さわり読み 話題の新刊『マリナと千冊の絵本』ちょっとさわり読み
「神さまは、耐えられない試練は与えられません。必ず、逃れる道を備えていてくださいますからね」
「敗血症を起こしています。血液交換が必要になると思います。今日は赤十字が休みなので、知り合いの人にすぐ輸血のお願いをしてください。ここ三日間がとうげです」(とうげ……、そんな……)
心臓がドキドキして息苦しくなってきた。(中略)
「先生! マリナはどうなるんですか。先生! どうか命だけは助けてください! お願いです! 先生! お願いします……」
私は、医師にすがりついて懇願した。産後間もない突然の出来事に、食べることも眠ることもできず、心身共に疲れきっていた。(中略)
いとおしく狂おしいほどマリナを抱きしめたいと思った。けれどマリナの身体に触れることは一切禁じられており、私たちは保育器の前で見ていることしかできなかった。一進一退しながら日々が過ぎていった。(中略)
この辛い時に、毎日電話をくれる人がいた。神尾あつこ子さんという長女リエの幼稚園の時の担任の先生だ。その園はキリスト教主義の幼稚園だったが、神尾先生も熱心なクリスチャンで、幼稚園の保護者会はいつも神尾先生のお祈りで始まった。保護者会で何が話されたかは覚えていないけれど、神尾先生が皆の前で手を組み、お祈りをしていたことが心に残っていた。
神尾先生は電話をくれるたびに、旧約聖書の中に出てくるヨブという人の話をしてくれた。信仰篤く正しい人であったヨブは、神から祝福された幸せな日々を送っていた。そんなヨブに試練が訪れる。ヨブが神を信じるのは神の祝福があるからだと主張する悪魔が、ヨブの信仰を試したいと神に申し出る。こうしてヨブは、子供を亡くし、すべての財産を失い、さらには身体中をひどい皮膚病に冒され、自分が生まれたことを呪うまでに一人苦しみ抜く。「なぜこんな苦しみにあうのか」とうめきながらも、ヨブは神への信仰を捨てず試練を越えていく。

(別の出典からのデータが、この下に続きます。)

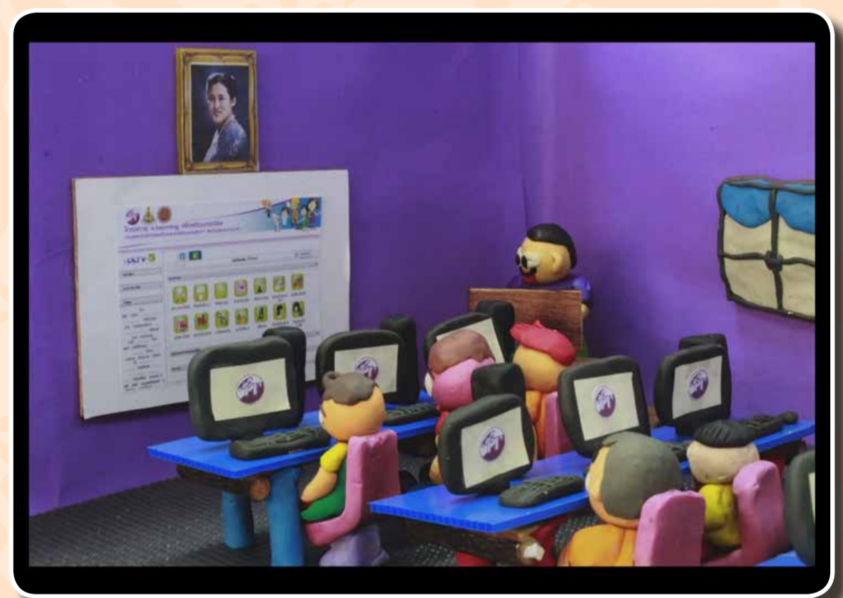
เรื่อง ก้าวที่พลาด สู่อากาศที่เปลี่ยนแปลง โดย เยาวชนศูนย์ฝึกฯ 5 แห่งเพื่อเทิดพระเกียรติ สมเด็จพระเทพรัตนราชสุดาฯ สยามบรมราชกุมารี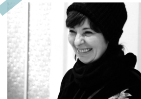
La Barricade asbl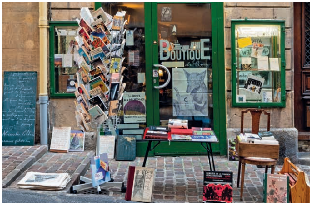
La Boutique du livre reste ouverte du lundi au vendredi de 10h à 18h et le samedi de 9h à 17h. DAVID PERRIARD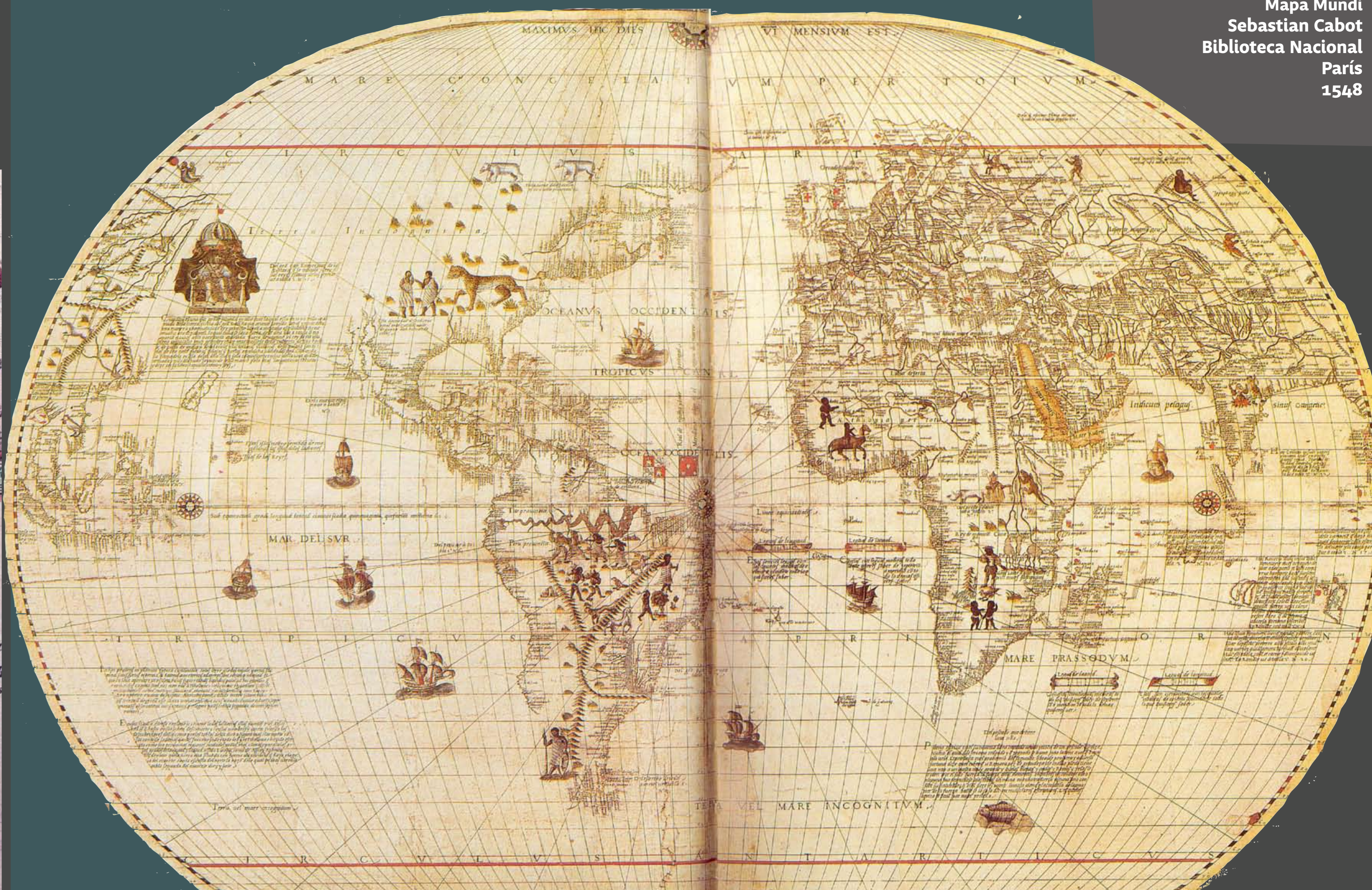
Mapa Mundi Sebastian Cabot Biblioteca Nacional París 1548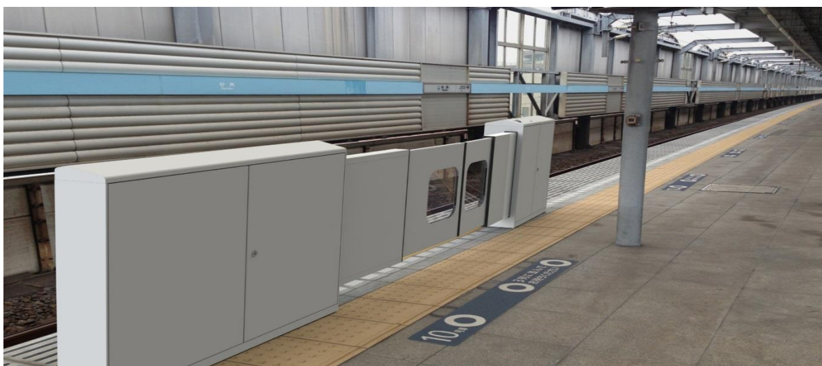
ホームドア設置イメージ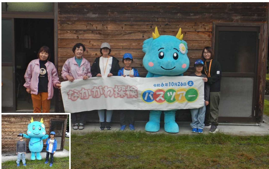
【那賀川キャラクター「りゅうな」と記念写真】

その後、長安ロダムに移動し、午後から長安ロダムの見学を行いました。最初に参加者はダム管理所内でダムの本体改造工事の動画を見ました。そして、長安ロダムにある選択取水設備の模型や施設を見学しました。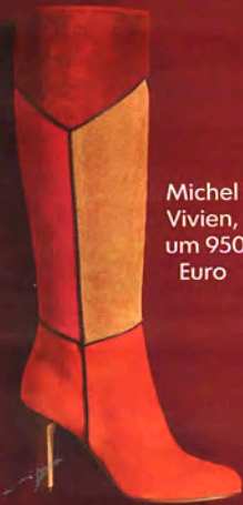
Michel Vivien, um 950 Euro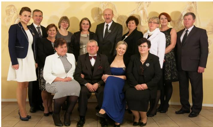
Fot.: Dyrektor, wychowawcy i rodzice trzecioklasistów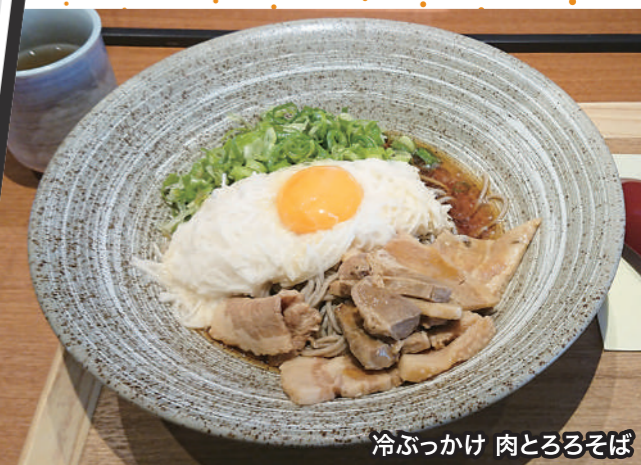
冷ぶっかけ 肉とろろそば

“健康経営”に取り組む CRM! 健康には良い食事が不可欠です。また10月となり、食欲の秋へと突入ということで、このコーナーではオフィス近隣の「おすすめのランチメニュー」を紹介します。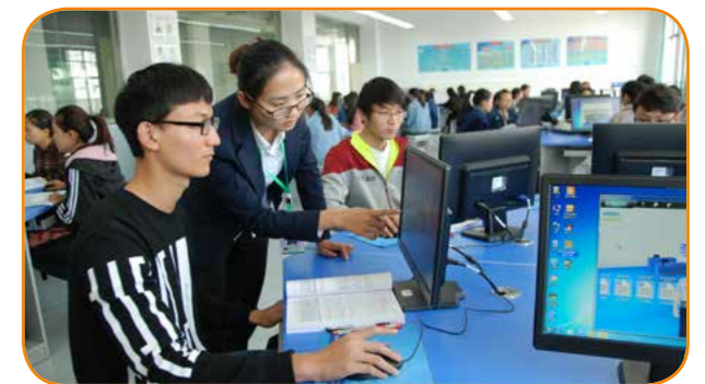
药品虚拟生产实训室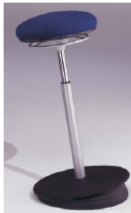
Comforto / Syst 1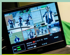
Seite 20: Dresdner Gesprächskreis thematisiert Bedeutung der Meinungsfreiheit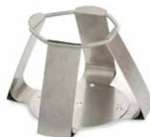
30400096 Pince flasque Erlenmeyer, 6 litres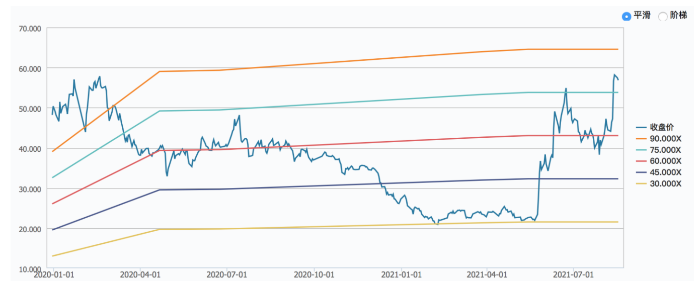
图 1：龙软科技上市以来 PE-Band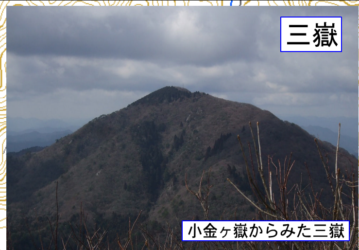
小金ヶ嶽からみた三嶽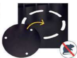
Plaque de fond anti-nuisibles fournie à installer au fond de la corbeille TERAart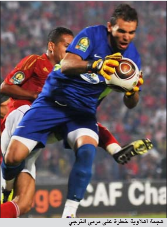
هجمة اهلامية خطيرة على مرمرى الترجي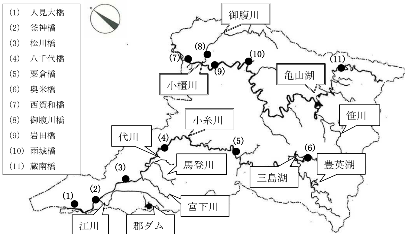
(図 7-1) 河川水質調査地点

本市臨海部には、日本製鉄㈱等の工場群が立地し、海岸線は人造護岸となっている。広域的閉鎖性水域である東京湾の水質は、工場・事業場の排水や生活排水の影響を受けており、排出規制や下水道整備によって一時期に比べて改善されてきたものの、未だ十分とはいえない状況である。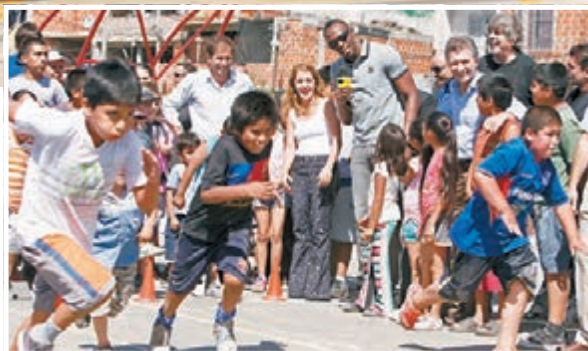
保特(中)探訪貧民區。

同樣是在美洲，同樣是做善事，日前在美國波士頓就舉行了一年一度的「聖誕泳裝跑」慈善活動，為這個寒冷聖誕增添暖意。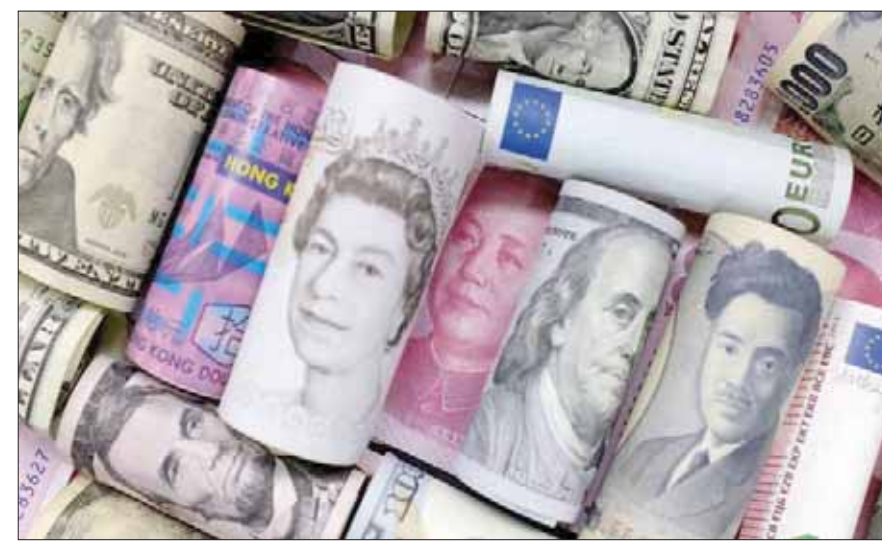
الدولار الأميركي قد سجل ارتفاعاً هائلاً رغم أن خفض أسعار الفائدة يعد من العوامل التي تعكس سلباً على العملات بصفة رئيسية

هذا وقد بدأ المسار الهبوطي الحاد لنشر رئيس ترمب تخفيضات الوزارات البريطاني الجديد بوريس

「私は裸で母の胎から出て来た。また、裸で私はかしこに帰ろう。主は与え、主は取られる。主の御名はほむべきかな」
試練の中で、ヨブが言った言葉だ。
神尾さんは、ヨブの話の後にいつもこうつけ加えた。
「神さまは、耐えられない試練は与えられません。必ず、逃れる道を備えていてくださいますからね」
そして、電話の向こうで必ずお祈りをしてくれた。